Beattie explained, “My research uses heavy-ion collisions to study a phase of matter known as the quark-gluon plasma (QGP), which is the state that the universe existed in during the microseconds following the Big Bang. For my thesis, I used data from the ALICE experiment to study the interactions between the QGP and showers of high energy partons known as jets. I like this type of research because we are asking really fundamental questions about how our universe works, and in doing so, generating some of the most extreme conditions anywhere in nature.”
Thesis Abstract:
At extremely high temperatures, the quarks and gluons that compose the fundamental building blocks of our universe undergo a phase transition from stable hadronic matter to become a deconfined quark–gluon plasma (QGP). One way to study this medium is through collisions of heavy ions, where extraordinarily high energy densities produce just such a deconfined state. Of particular interest are jets, collimated showers of hadrons that originate early in the collision and undergo modification as they traverse the QGP, thus probing the medium’s properties and enabling the study of quantum chromodynamics at multiple scales. Notably, jets lose energy as they propagate through the medium, the pathlength dependence of which remains an open question. The answer is of significant interest, however, given that quantitative constraints on this dependence are closely related to the underlying mechanisms that drive jet quenching phenomena. This thesis will discuss efforts to constrain the pathlength dependence of jet energy loss using a technique known as event-shape engineering (ESE).

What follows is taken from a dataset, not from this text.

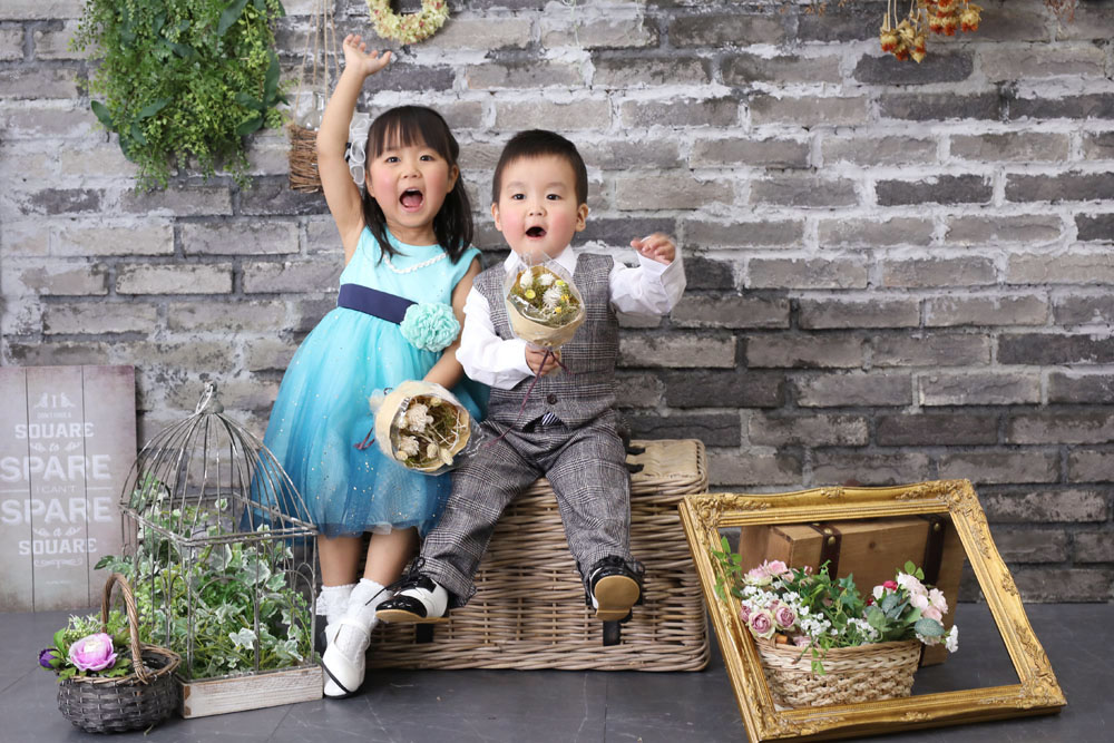 恥ずかしがり屋のけいたくん^^ スタジオにいるクマさんにビックリしたり お姉ちゃんとの兄弟撮影では場所を取り合ったりしながらも 最後まで頑張ってくれました!!
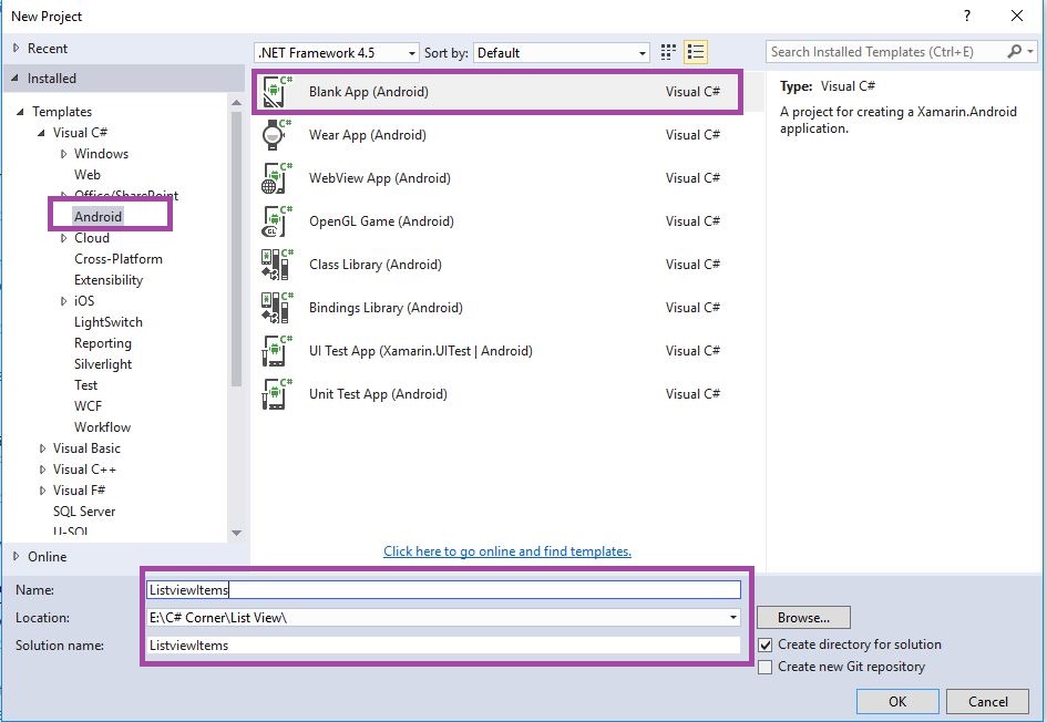Open Visual Studio, New Project, Templates, Visual C#, Android, then Blank App (Android)

For this thesis, charged jets were measured in Pb–Pb collision using the ALICE detector at the CERN Large Hadron Collider. These jets were then classified according to their angle with respect to the event plane, as well as the shape of the event that they traversed. No sensitivity of the jet spectra to the event shape was observed; however, the yields were seen to be dependent on the event-plane angle. Moreover, this dependence was stronger for highly-elliptical events and weaker for highly-isotropic events. Such results are consistent with descriptions of pathlength distributions that were studied in Trajectum and the assumption that jets lose energy in a pathlength-dependent manner. Further theoretical models are required to extract quantitative constraints from this study.